Data in this exercise
<<<<

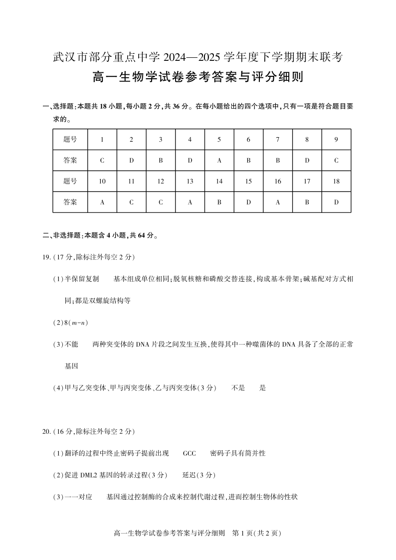 湖北省武汉市七彩联盟2024-2025学年度下学期高一年级6月联考生物答案
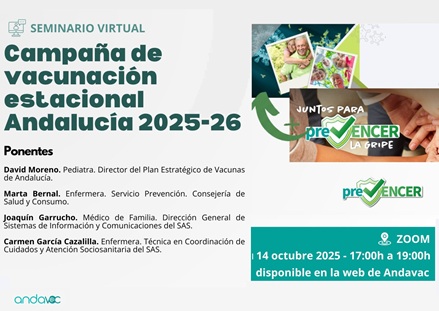 preVencerSEMINARIO VIRTUAL ANDAVAC Campaña de vacunación estacional Andalucía 2025-26 14 de octubre de 2025 – 17:00 – 19:00 horas Nuevo seminario online donde David Moreno, Marta Bernal, Joaquín Garrucho y Carmen García nos presentarán las novedades para la Campaña de Vacunación Estacional en Andalucía para la temporada 2025-26. El seminario está disponible en diferido…
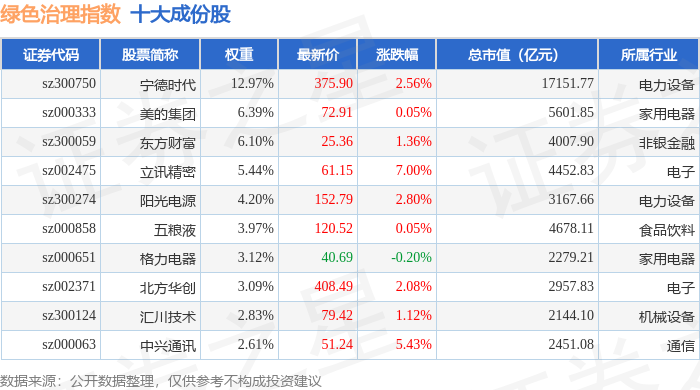 资金流向方面,绿色治理(980058)指数成份股当日主力资金净流入合计52.05亿元,游资资金净流出合计23.11亿元,散户资金净流出合计28.94亿元。成份股资金流向详情见下表:
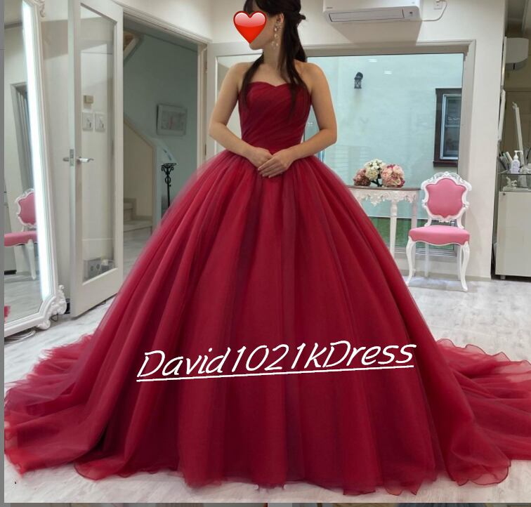 ボルドー色 カラードレス ソフトチュール ベアトップ 結婚式/披露宴
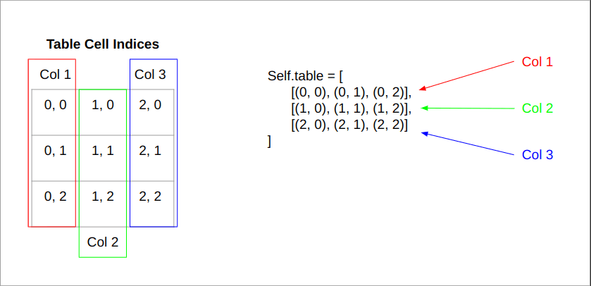 while they are empty). This table we're drawing is for representation of that table where we add lines that represent the rows, columns, and cells of the table. Below the __init__()
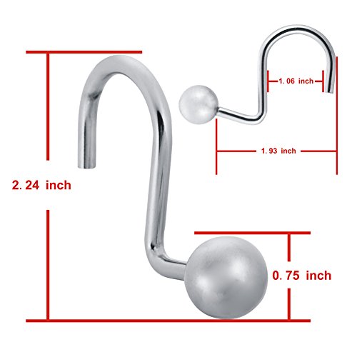 Welife-homeware Shower Curtain Hooks With Ball,Set of 12,Chorme Plated,GBMY004
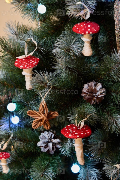 Очаровательные украшения на елку с красными грибочками для создания праздничной атмосферы
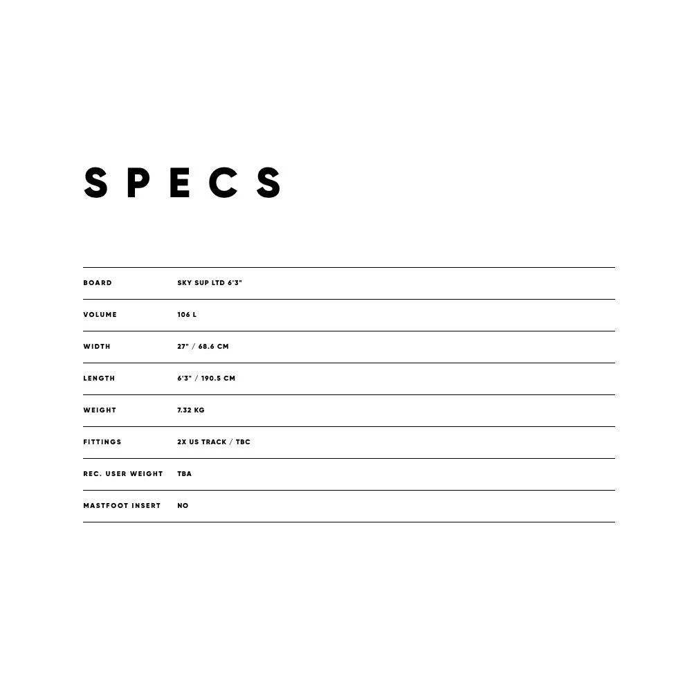 Le Sky SUP Foil Fanatic en version LTD existe seulement en 6’3′. Il bénéficie d’une construction Epoxy avec un coeur EPS laminé avec de la fibre de verre posées à 90° et des renforts bois. La construction du LTD offre offre un ratio poids/rigidité/flex optimal.
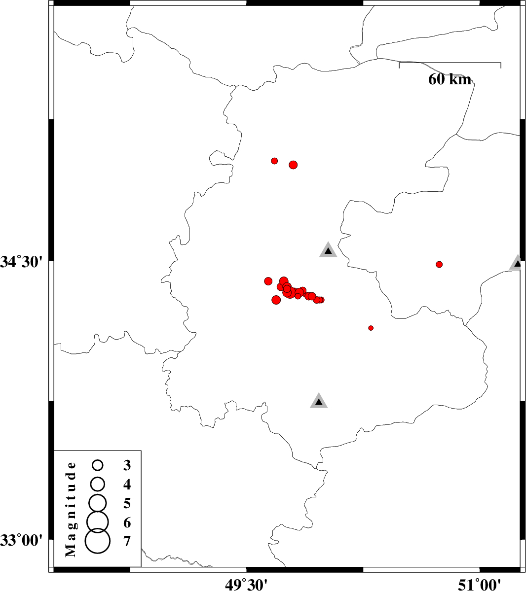 | 2012/02/20 | 17:40:07.4 | 21:10:07.4 | 34.29 | 49.98 | 6 | ML1.9 | Markazi Province, 27 km South of Ashtiyan | ||
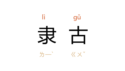 ⒈ 谓以隶书考校写定古篆文。《书序》:“至鲁共王,好治宫室,坏孔子旧宅,以广其居,于壁中得先人所藏古文虞、夏、商、周之书及《传》、《论语》、《孝经》,皆科斗文字……科斗书废已久,时人无能知者,以所闻伏生之书,考论文义,定其可知者为隶古定,更以竹简写之。”陆德明释文:“谓用隶书写古文。”孔颖达疏:“言隶古者,正谓就古文体而从隶定之,存古为可慕,以隶为可识,故曰隶古,以虽隶而犹古。”宋赵彦卫《云麓漫钞》卷十:“自安国变隶古,后人不复见古文,时于《史记》见之。”一说,指隶书与科斗古文。
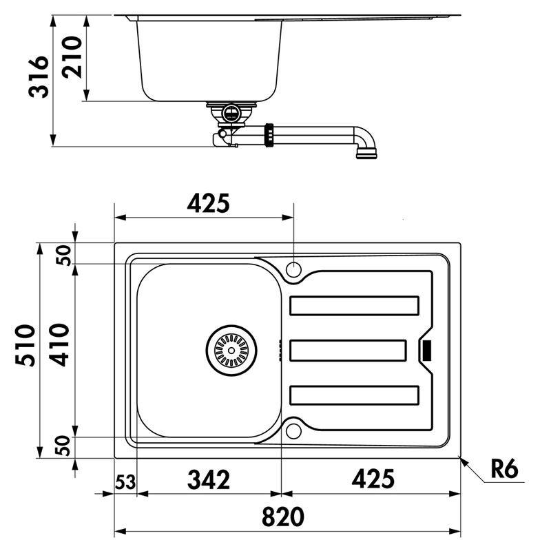 • Spüle mit flachem Rand, auch geeignet für den flächenbündigen Einbau
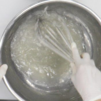 サラモイアを作る。熱湯と岩塩を泡だて器でしっかり混ぜわせる。

>>>>

Task brief
Could you print all of the entries exactly, skipping the images?

Response
 湖北省武汉市七彩联盟2024-2025学年度下学期高一年级6月联考生物答案
 preVencerSEMINARIO VIRTUAL ANDAVAC Campaña de vacunación estacional Andalucía 2025-26 14 de octubre de 2025 – 17:00 – 19:00 horas Nuevo seminario online donde David Moreno, Marta Bernal, Joaquín Garrucho y Carmen García nos presentarán las novedades para la Campaña de Vacunación Estacional en Andalucía para la temporada 2025-26. El seminario está disponible en diferido…
 资金流向方面,绿色治理(980058)指数成份股当日主力资金净流入合计52.05亿元,游资资金净流出合计23.11亿元,散户资金净流出合计28.94亿元。成份股资金流向详情见下表:
 ボルドー色 カラードレス ソフトチュール ベアトップ 結婚式/披露宴
 while they are empty). This table we're drawing is for representation of that table where we add lines that represent the rows, columns, and cells of the table. Below the __init__()
 Welife-homeware Shower Curtain Hooks With Ball,Set of 12,Chorme Plated,GBMY004
 Очаровательные украшения на елку с красными грибочками для создания праздничной атмосферы
 Le Sky SUP Foil Fanatic en version LTD existe seulement en 6’3′. Il bénéficie d’une construction Epoxy avec un coeur EPS laminé avec de la fibre de verre posées à 90° et des renforts bois. La construction du LTD offre offre un ratio poids/rigidité/flex optimal.
 | 2012/02/20 | 17:40:07.4 | 21:10:07.4 | 34.29 | 49.98 | 6 | ML1.9 | Markazi Province, 27 km South of Ashtiyan | ||
 ⒈ 谓以隶书考校写定古篆文。《书序》:“至鲁共王,好治宫室,坏孔子旧宅,以广其居,于壁中得先人所藏古文虞、夏、商、周之书及《传》、《论语》、《孝经》,皆科斗文字……科斗书废已久,时人无能知者,以所闻伏生之书,考论文义,定其可知者为隶古定,更以竹简写之。”陆德明释文:“谓用隶书写古文。”孔颖达疏:“言隶古者,正谓就古文体而从隶定之,存古为可慕,以隶为可识,故曰隶古,以虽隶而犹古。”宋赵彦卫《云麓漫钞》卷十:“自安国变隶古,后人不复见古文,时于《史记》见之。”一说,指隶书与科斗古文。
 • Spüle mit flachem Rand, auch geeignet für den flächenbündigen Einbau
 サラモイアを作る。熱湯と岩塩を泡だて器でしっかり混ぜわせる。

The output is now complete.